In 166 patients, ERCC1-118 T/T, XPD-751 A/C, and XPD-751 C/C genotypes were independently associated with adverse PFS. The presence of two risk genotypes (ERCC1-118 T/T combined with either XPD-751 A/C or XPD-751 C/C) occurred in 50 patients (31%). This profiling showed an independent role for unfavorable PFS with a hazard ratio of 2.84% and 95% CI of 1.47 to 5.45 (P = .002). Neurotoxicity was significantly associated with GSTP1-105 A/G. Carriers of the GSTP1-105 G/G genotype were more prone to suffer from grade 3 neurotoxicity than carriers of GSTP1-105 A/G and GSTP1-105 A/A genotypes.

CONCLUSION

A pharmacogenetic approach may be an innovative strategy for optimizing palliative chemotherapy in patients with advanced colorectal cancer.
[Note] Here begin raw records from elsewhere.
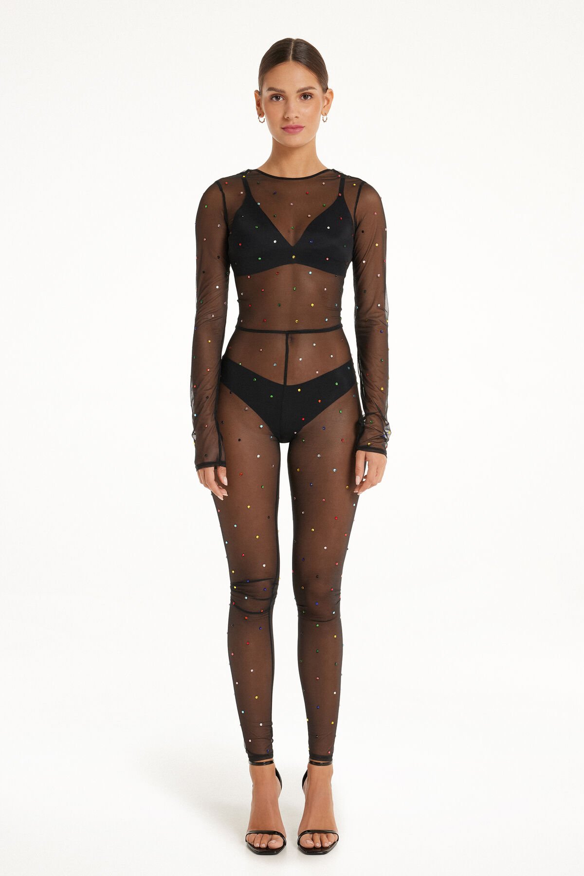 Si estás buscando otra prenda especial, debes echar un vistazo por la Edición Limitada de Tezenis. En este caso, uno de los monos que más llaman la atención es este transparente. Elaborado en tul, destaca gracias a sus adornos de strass de colores repartidos por toda la superficie, convirtiéndolo en una de las opciones más especiales para las fiestas. Ideal para crear cientos de looks distintos, ya que se puede combinar de varias formas, te puedes hacer con él en la tienda por 45,99 euros. No lo querrás dejar escapar.
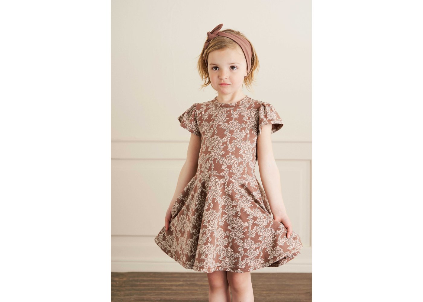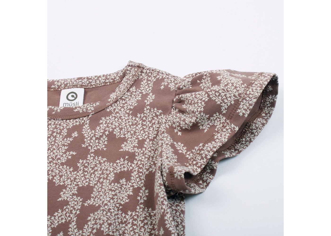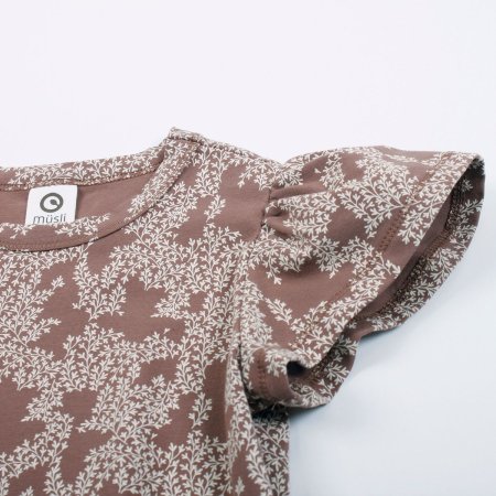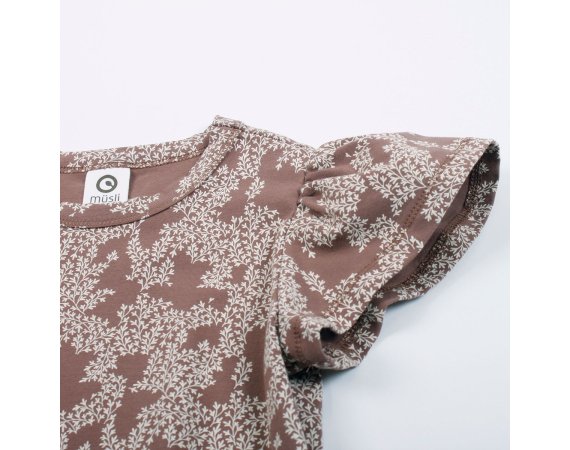 Yndig kortærmet sommerkjole i brune nuancer og med sødt blomsterprint fra Müsli.
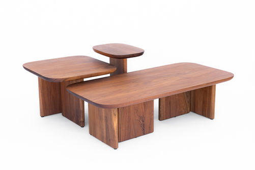 Sencillas en su lenguaje y versátiles en su uso, estas mesas funcionan como una familia donde conviven distintas formas y tamaños, creando un diálogo de proporciones. Su diseño sobrio les permite integrarse con naturalidad a cualquier espacio, mientras que sus líneas finas y cuidadas resaltan la belleza auténtica de las maderas tropicales. Al combinarse, crean geometrías cambiantes: un juego de vacíos y volúmenes que generan sombras, ritmos y nuevas lecturas desde distintos ángulos.
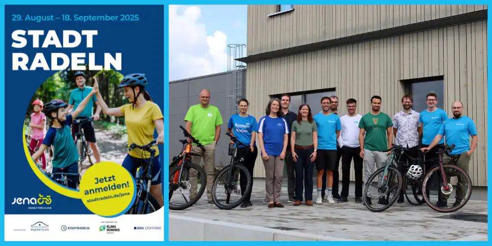 STADTRADELN is a nationwide initiative organized by the Klima-Bündnis e.V. encouraging people to use bicycles for as many everyday trips as possible. In Jena, the campaign is organized by the city of Jena with the support of the Free State of Thuringia, the Working Group for Bicycle-Friendly Communities in Thuringia (AGFK), ADFC Thuringia, and asphericon GmbH.
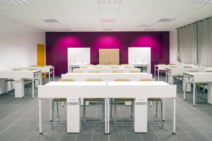 Une attention particulière a été apportée sur la pérennité des matériaux et leur faible maintenance. L’architecture méditerranéenne du bâtiment, qui joue avec des jeux d’ombres et de lumières, s’est parée d’une palette de couleurs égayant les façades.
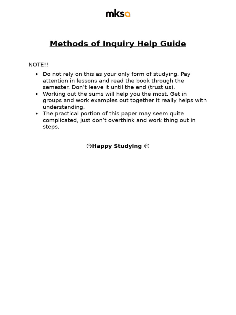Methods of Inquiry - Sample Paper | PDF | Standard Deviation | Standard ...
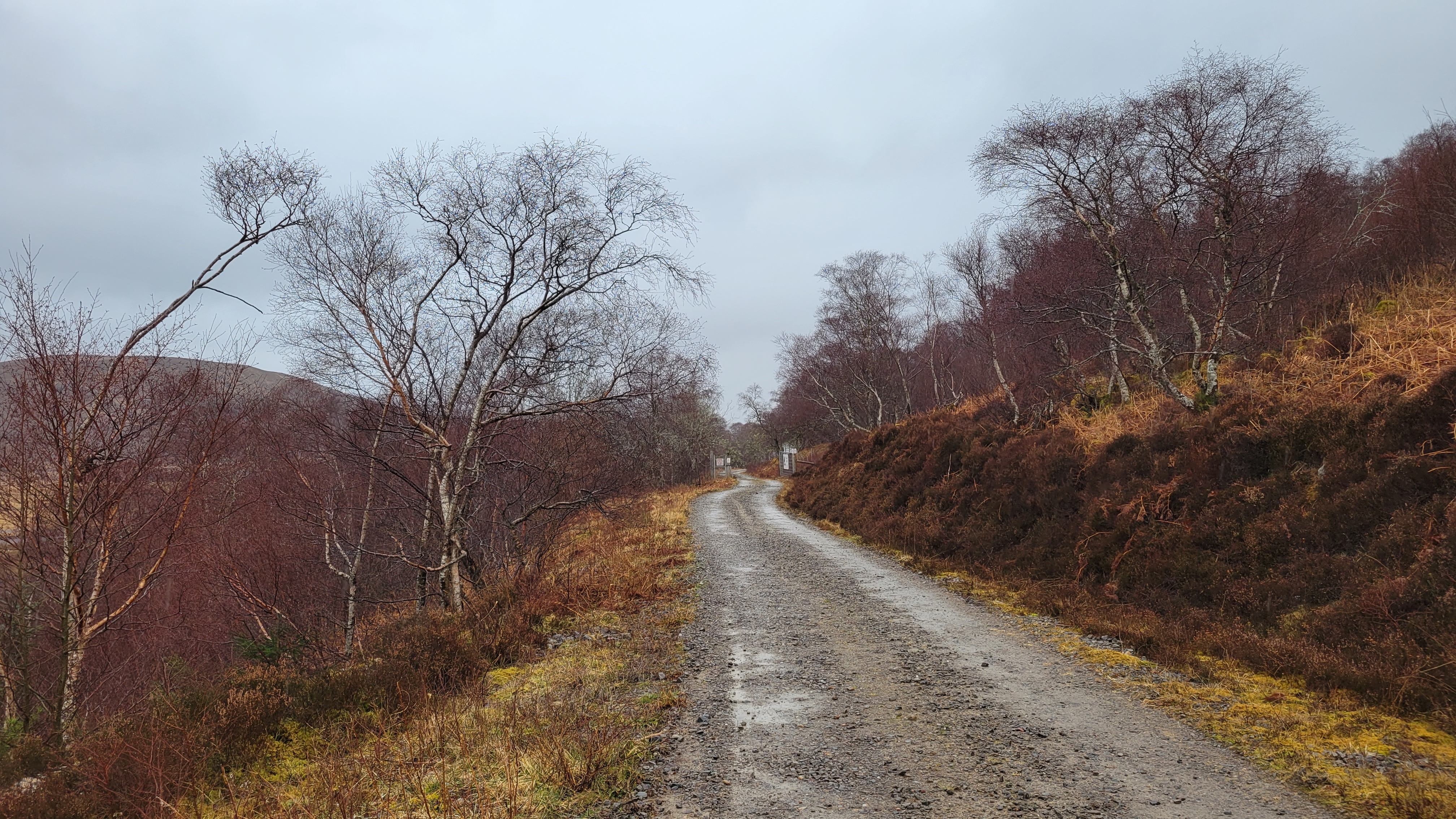 Off the path on our left was a sign warning about fire risk but given how open it was, the ground was covered in at least an inch of water, the fact it was raining and there was snow on the top of the hills, we hoped we’d be safe enough.
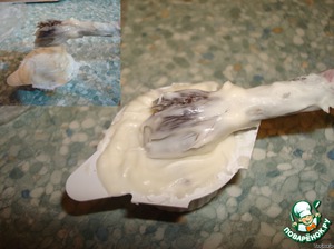 Как слегка подмёрзнет, берём остатки белого шоколада и намазываем на дно конфетки. Если застыл, опять слегка подогреваем.
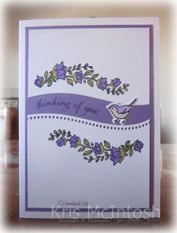 I stamped the floral image from the Quite Curvy stamp set onto the bottom left hand side of the piece without the dots and the top right hand side of the piece with the dots. I coloured the images using the Dark Highland Heather and Light Old Olive Stampin’ Blends.

These findings deserve confirmation in additional prospective studies.

摘要

目的

旨在研究对氟尿嘧啶/奥沙利铂活性可能有影响的基因多态性是否与接受一线奥沙利铂、亚叶酸钙和氟尿嘧啶姑息化疗的晚期结直肠癌患者的临床结局相关。

材料与方法

连续的患者被前瞻性纳入意大利中部的肿瘤内科病房。患者需经细胞学/组织学确诊为转移性疾病且至少有一个可测量病灶。外周血样本用于对胸苷酸合成酶、亚甲基四氢叶酸还原酶、着色性干皮病D组(XPD)、切除修复交叉互补组1(ERCC1)、X射线交叉互补组1、X射线交叉互补蛋白3、谷胱甘肽S-转移酶(GSTs)基因中的12种多态性进行基因分型。该研究的主要终点是调查基因型与无进展生存期(PFS)之间的关联。

结果

在166例患者中,ERCC1 - 118 T/T、XPD - 751 A/C和XPD - 751 C/C基因型与不良的PFS独立相关。50例患者(31%)存在两种风险基因型(ERCC1 - 118 T/T与XPD - 751 A/C或XPD - 751 C/C组合)。这种基因分型显示对不良PFS有独立作用,风险比为2.84%,95%置信区间为1.47至5.45(P = 0.002)。神经毒性与GSTP1 - 105 A/G显著相关。GSTP1 - 105 G/G基因型携带者比GSTP1 - 105 A/G和GSTP1 - 105 A/A基因型携带者更容易发生3级神经毒性。

结论

药物遗传学方法可能是优化晚期结直肠癌患者姑息化疗的一种创新策略。这些发现值得在更多前瞻性研究中得到证实。